= DATASET EXCERPTS =
§ §

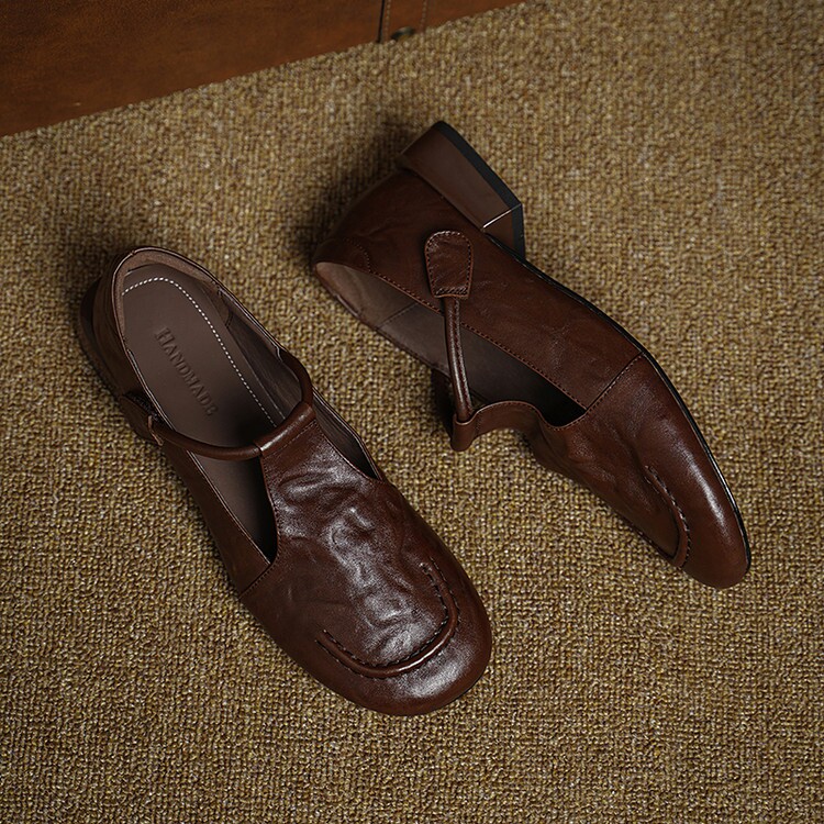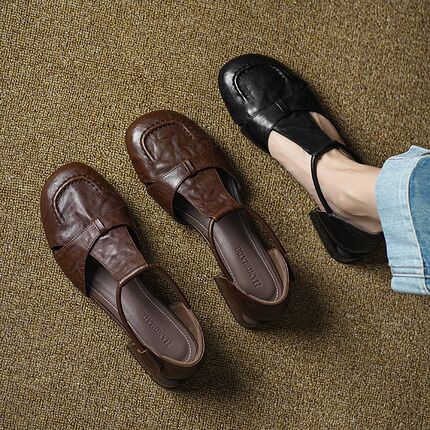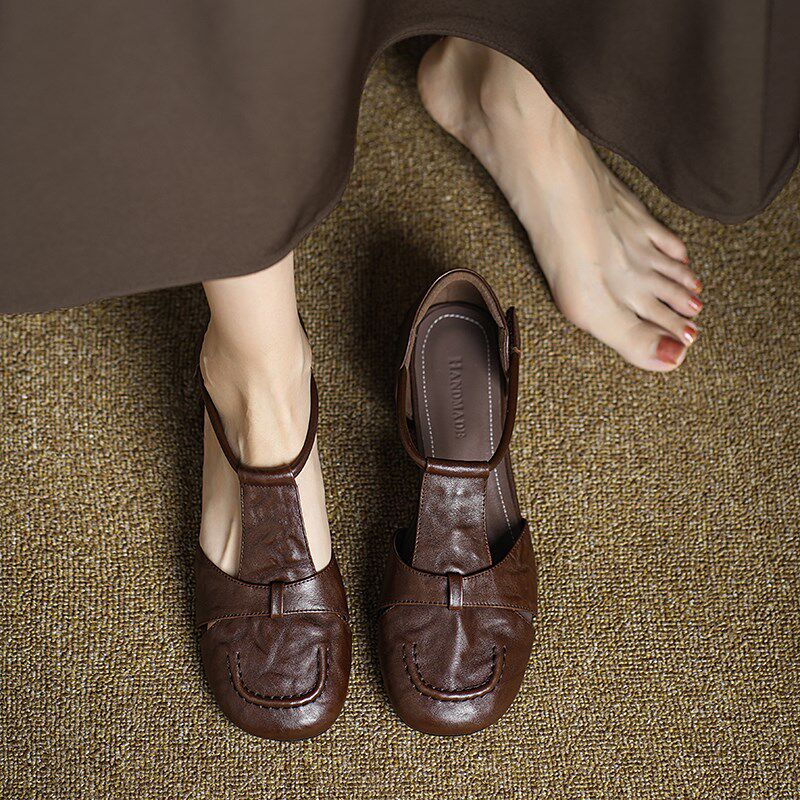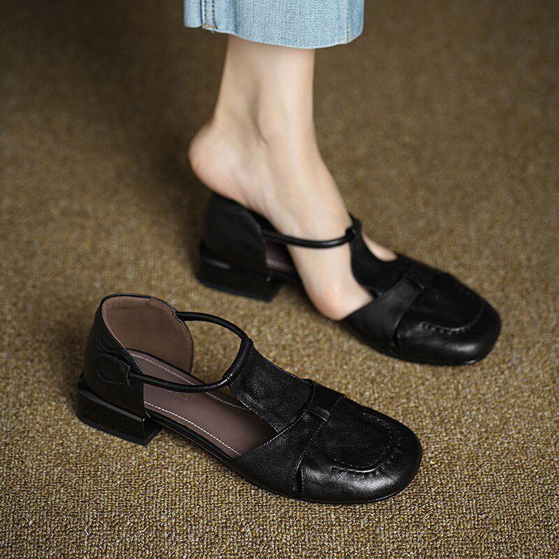2025新款复古风粗跟包头凉鞋女丁字扣配裙子中空玛丽珍鞋文艺单鞋
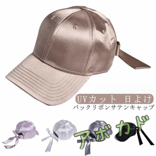 日よけ バックリボン サテン UVカット レディース 艶あり 後ろリボン バックリボン リボンキャップ キャップ 日焼け防止 帽子 スポーツ 可愛い おしゃれ 誕生日 プレゼント
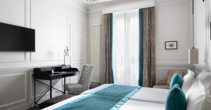 Each of the spacious guest rooms at Bradford Elysées has a classically elegant décor, and is equipped with cable TV. Some rooms feature a balcony and each room includes complimentary non-alcoholic beverages in the minibar. The tiled private bathrooms include a marble sink.
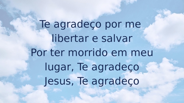 - Te agradeço por me libertar e salvarPor ter morrido em meu lugar, Te agradeçoJesus, Te agradeço
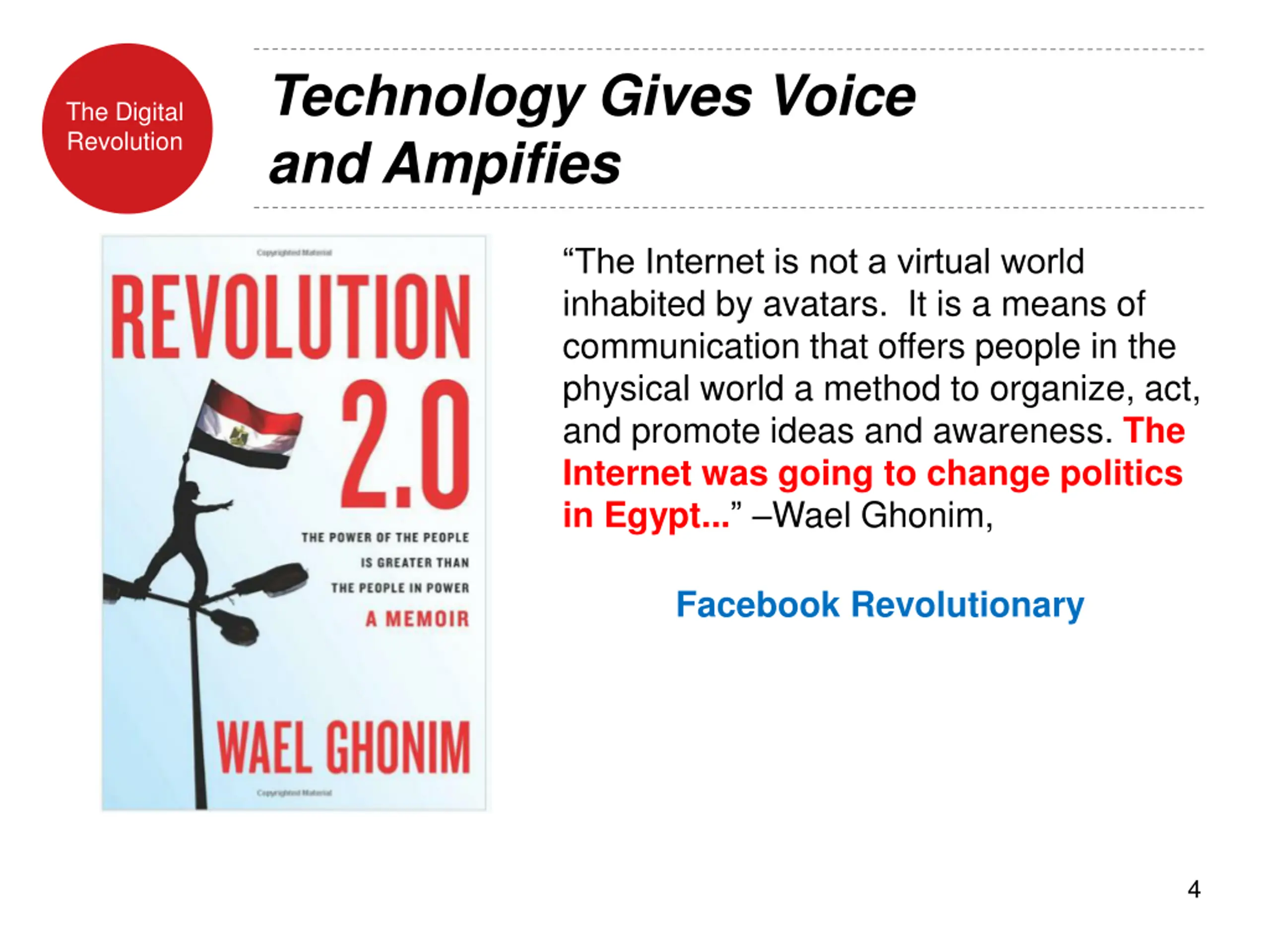 Technology Gives Voice and Ampifies Two Kinds Of Two Kinds Of Social Media The Digital Revolution The Internet is not a virtual world inhabited by avatars. It is a means of communication that offers people in the physical world a method to organize, act, and promote ideas and awareness. The Internet was going to change politics in Egypt... Wael Ghonim, Facebook Revolutionary 4

§ §

= TASK TO COMPLETE =
When copying the entries, drop the images and keep every line exact.

= ANSWER SPACE =
2025新款复古风粗跟包头凉鞋女丁字扣配裙子中空玛丽珍鞋文艺单鞋
 日よけ バックリボン サテン UVカット レディース 艶あり 後ろリボン バックリボン リボンキャップ キャップ 日焼け防止 帽子 スポーツ 可愛い おしゃれ 誕生日 プレゼント
 Each of the spacious guest rooms at Bradford Elysées has a classically elegant décor, and is equipped with cable TV. Some rooms feature a balcony and each room includes complimentary non-alcoholic beverages in the minibar. The tiled private bathrooms include a marble sink.
 - Te agradeço por me libertar e salvarPor ter morrido em meu lugar, Te agradeçoJesus, Te agradeço
 Technology Gives Voice and Ampifies Two Kinds Of Two Kinds Of Social Media The Digital Revolution The Internet is not a virtual world inhabited by avatars. It is a means of communication that offers people in the physical world a method to organize, act, and promote ideas and awareness. The Internet was going to change politics in Egypt... Wael Ghonim, Facebook Revolutionary 4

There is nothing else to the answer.